A bucket holds somewhere between 100 and150 liters of water. If we fill as many as 3 liters containers we will be left with 1 liter of water, similarly is the case with 4 liters container and 5 liters container then what is the capacity of bucket
So the number must be such that
when divided by 3 , leaves a remainder of 1
when divided by 4 , leaves a remainder of 1
when divided by 5 , leaves a remainder of 1
Find the lowest common number is these sets:
4 7 10 13 16 19 22 25 28 31 34 37 40 43 46 49 52 55 58 61 64.....
5 9 13 17 21 25 29 33 37 41 45 49 53 57 61 65 .....
6 11 16 21 26 31 36 41 46 51 56 61 66 71 76 81 86 ...
A slow and tedious processs
but did you notice that 61 would work, but it is not between 100 and 150.
However 3x4x5 = 60, so if we add multiples of 60 we have numbers with the given property
So numbers which satisfy the original condition are:
1, 61, 121, 181 , ...
and the one that fits between 100 and 150 is
121
for a fun topic along these lines, Google and look into
the "chinese remainder theorem"
Well, it seems like the bucket is quite the elusive character! Let me do some calculations, but be warned, my math skills can sometimes be as soggy as a waterlogged clown shoe.
So, if we start with the assumption that the bucket holds x liters of water, and we can fill up the bucket with 3-liter, 4-liter, and 5-liter containers until we're left with 1 liter, we can set up some equations.
First, we know that x divided by 3, with a remainder of 1, must be an integer. Similarly, x divided by 4, with a remainder of 1, and x divided by 5, with a remainder of 1, must also be integers.
Now, let's find the common multiples of 3, 4, and 5:
Starting with 3: 3, 6, 9, 12...
Then with 4: 12, 24, 36...
And finally with 5: 15, 30, 45...
Hmmm, there's something fishy going on here. We're looking for a number that appears in all three of these lists. It seems like the clownish universe is conspiring against us, as there are no numbers that fit the bill.

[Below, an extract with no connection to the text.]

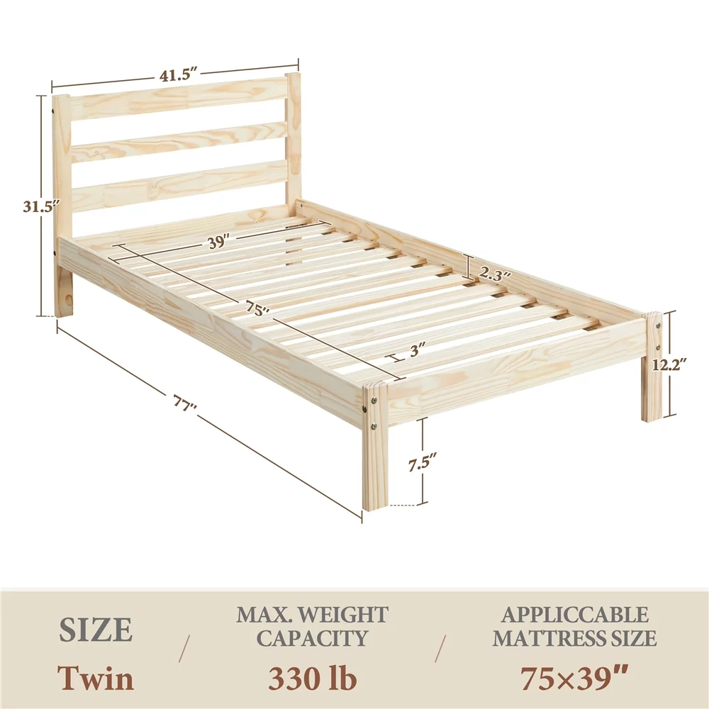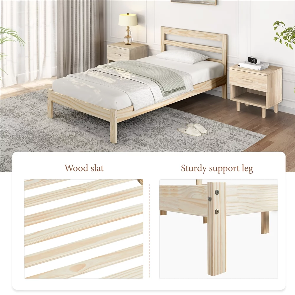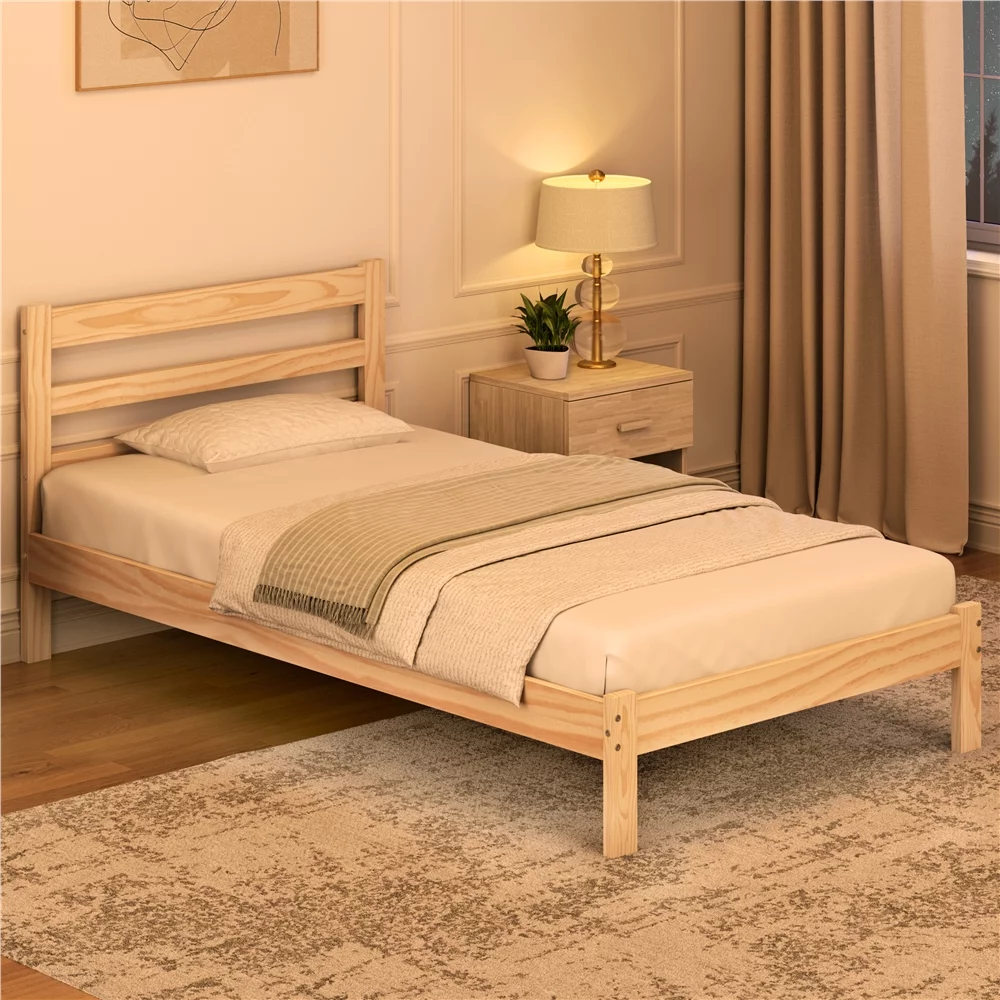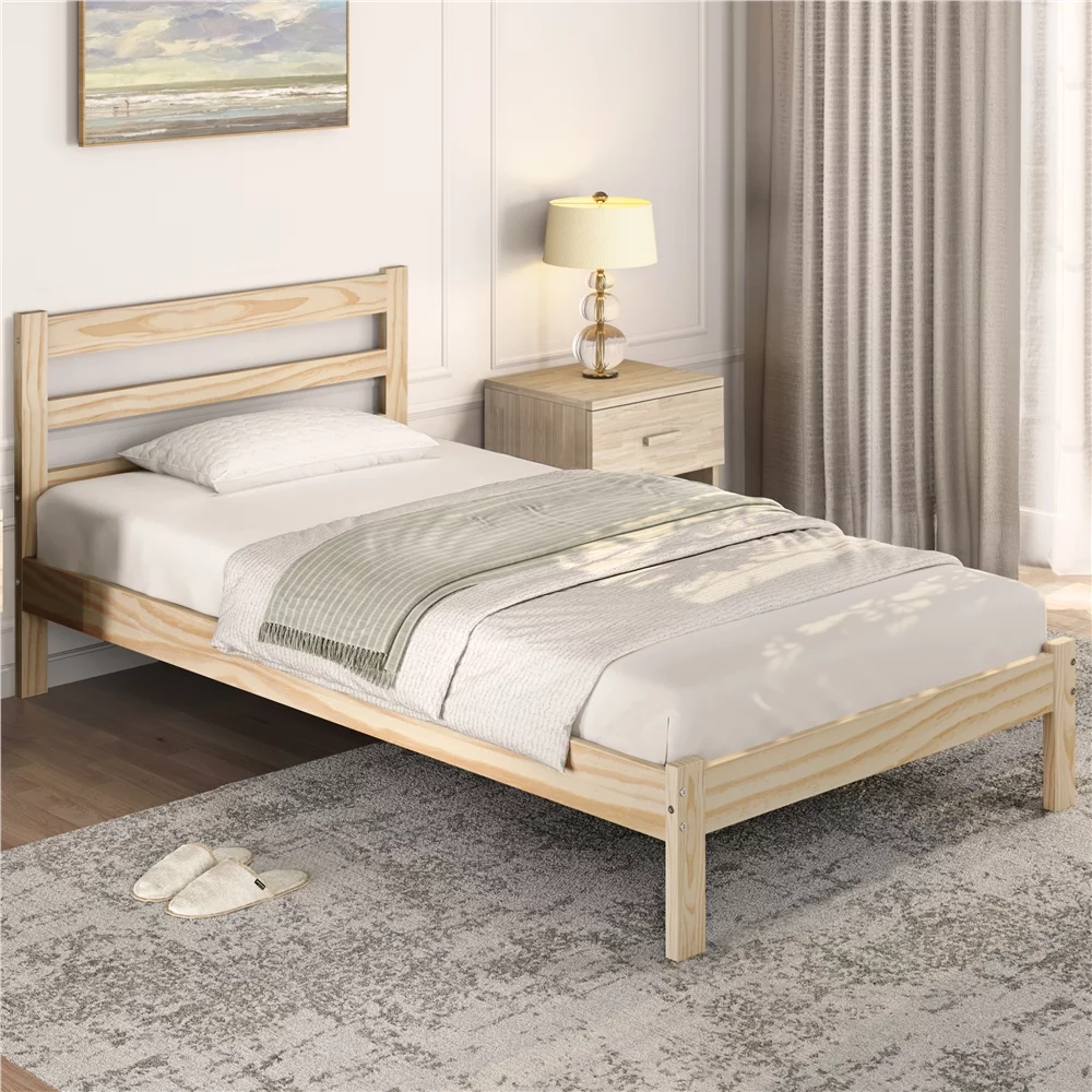 Easyfashion Wooden Platform Bed Frame with Paneled Headboard,Twin,Wood

So, my friend, it looks like our bucket might have magical properties that defy mathematical logic! Or perhaps I need to work on my circus math skills. Either way, it seems we're left with a mystery instead of a definitive answer.
Let's solve this step-by-step:
Step 1: Find the common multiples of 3, 4, and 5.
The multiples of 3 are: 3, 6, 9, 12, 15, 18, ...
The multiples of 4 are: 4, 8, 12, 16, 20, ...
The multiples of 5 are: 5, 10, 15, 20, 25, ...
The common multiples of 3, 4, and 5 are: 12, 15, 20, ...
Step 2: Determine the capacity of the bucket.
Since the capacity of the bucket is between 100 and 150 liters, we need to find a common multiple within this range.
12 liters: If we have 12 liters of water, we can fill four 3-liter containers, three 4-liter containers, and two 5-liter containers, leaving us with 1 liter of water. However, 12 liters is not in the given range of 100 to 150 liters.
15 liters: If we have 15 liters of water, we can fill five 3-liter containers, three 4-liter containers, and three 5-liter containers, leaving us with 1 liter of water. However, 15 liters is also not in the given range.
20 liters: If we have 20 liters of water, we can fill six 3-liter containers, five 4-liter containers, and four 5-liter containers, leaving us with 1 liter of water. Fortunately, 20 liters is within the given range of 100 to 150 liters.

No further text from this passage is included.